What to produce » Print the whole listing exactly as it appears, but skip the pictures.

Data »
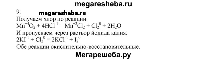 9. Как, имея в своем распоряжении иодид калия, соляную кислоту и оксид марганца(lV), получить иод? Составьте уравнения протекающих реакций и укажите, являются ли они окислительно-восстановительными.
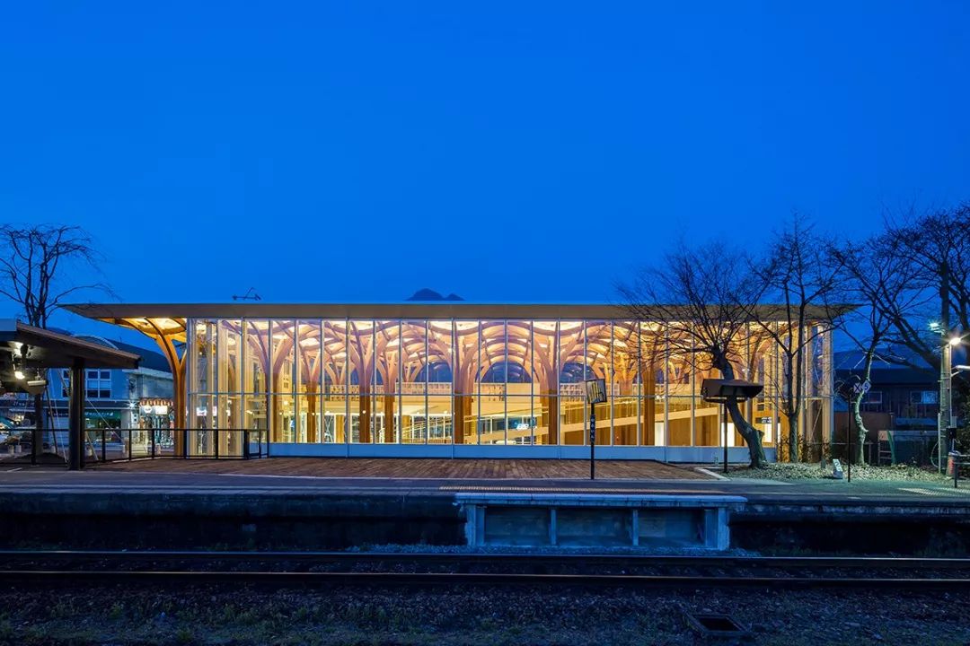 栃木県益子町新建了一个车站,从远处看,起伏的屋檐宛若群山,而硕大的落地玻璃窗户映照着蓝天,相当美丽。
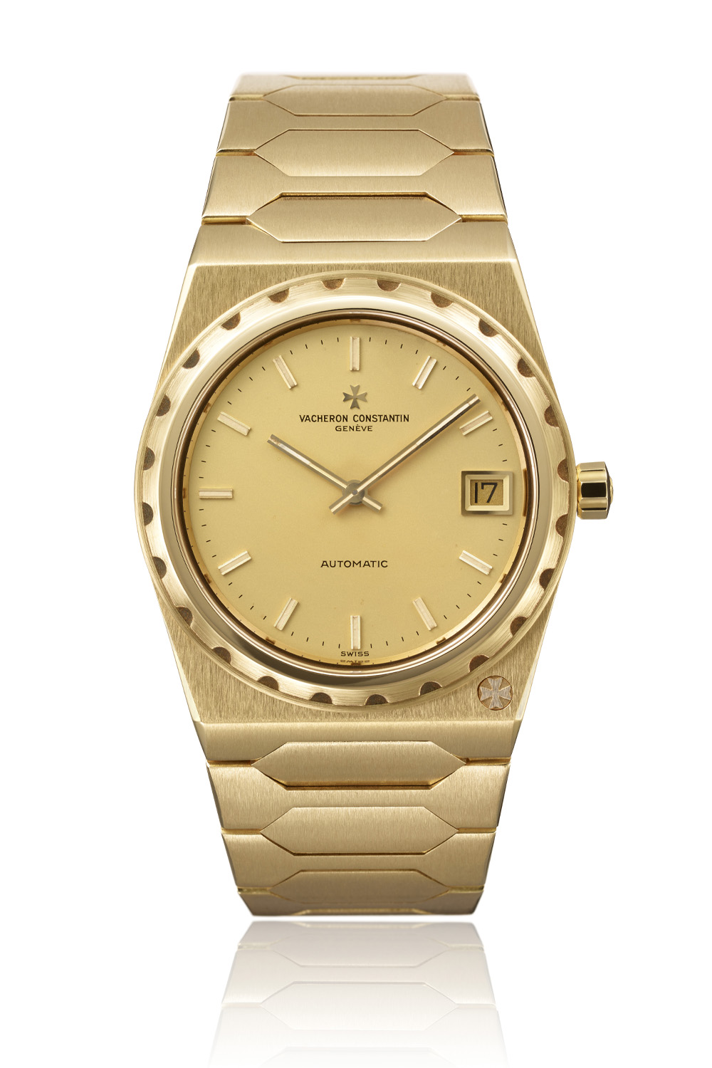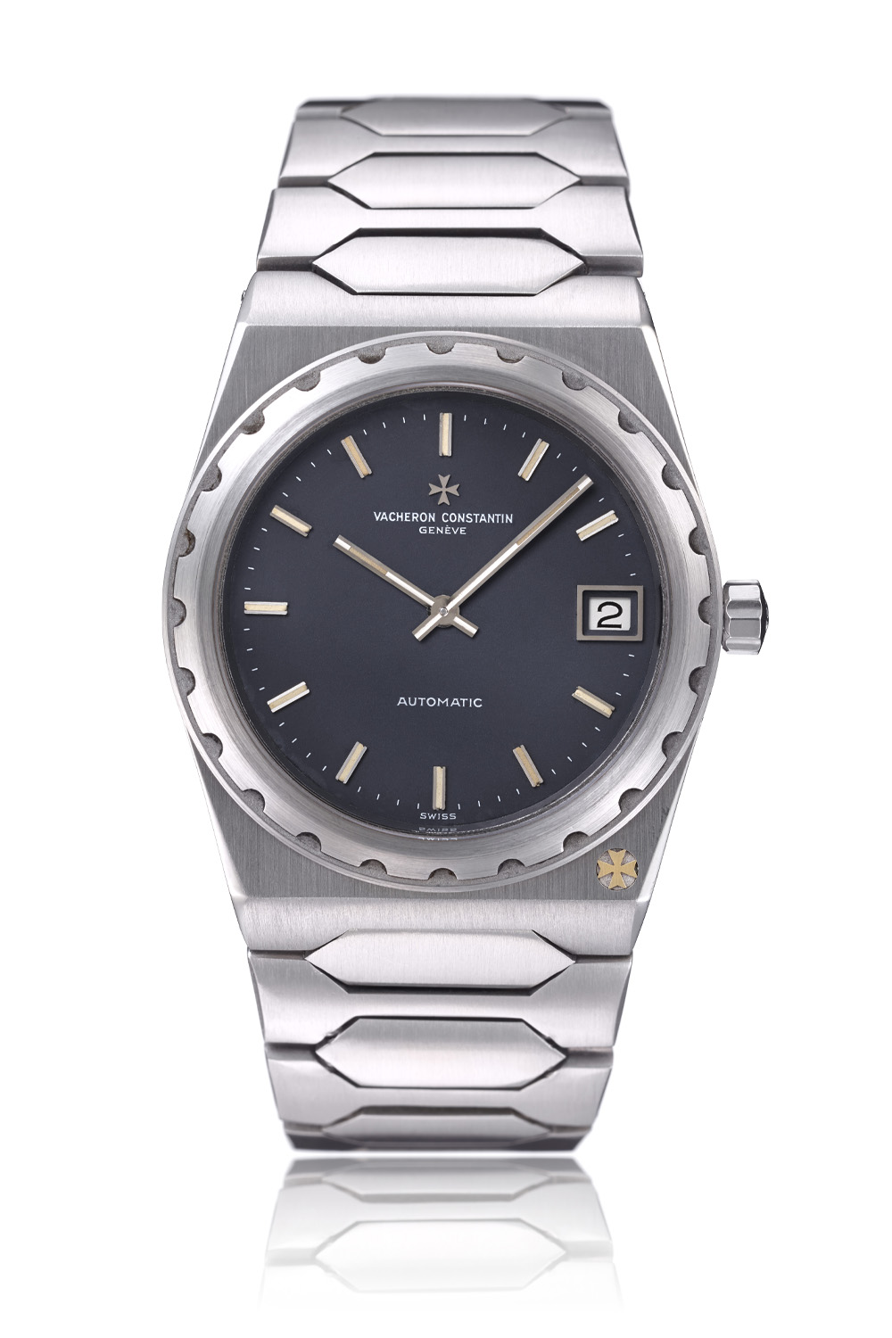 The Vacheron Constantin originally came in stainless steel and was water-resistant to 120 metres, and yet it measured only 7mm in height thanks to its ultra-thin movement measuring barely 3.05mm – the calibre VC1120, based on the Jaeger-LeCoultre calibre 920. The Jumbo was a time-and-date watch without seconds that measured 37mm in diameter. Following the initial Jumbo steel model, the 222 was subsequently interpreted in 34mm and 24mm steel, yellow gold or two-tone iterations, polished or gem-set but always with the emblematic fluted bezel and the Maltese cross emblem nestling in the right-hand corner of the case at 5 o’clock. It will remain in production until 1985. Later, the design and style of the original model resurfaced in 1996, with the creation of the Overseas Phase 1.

Reply to the task »
 9. Как, имея в своем распоряжении иодид калия, соляную кислоту и оксид марганца(lV), получить иод? Составьте уравнения протекающих реакций и укажите, являются ли они окислительно-восстановительными.
 栃木県益子町新建了一个车站,从远处看,起伏的屋檐宛若群山,而硕大的落地玻璃窗户映照着蓝天,相当美丽。
 The Vacheron Constantin originally came in stainless steel and was water-resistant to 120 metres, and yet it measured only 7mm in height thanks to its ultra-thin movement measuring barely 3.05mm – the calibre VC1120, based on the Jaeger-LeCoultre calibre 920. The Jumbo was a time-and-date watch without seconds that measured 37mm in diameter. Following the initial Jumbo steel model, the 222 was subsequently interpreted in 34mm and 24mm steel, yellow gold or two-tone iterations, polished or gem-set but always with the emblematic fluted bezel and the Maltese cross emblem nestling in the right-hand corner of the case at 5 o’clock. It will remain in production until 1985. Later, the design and style of the original model resurfaced in 1996, with the creation of the Overseas Phase 1.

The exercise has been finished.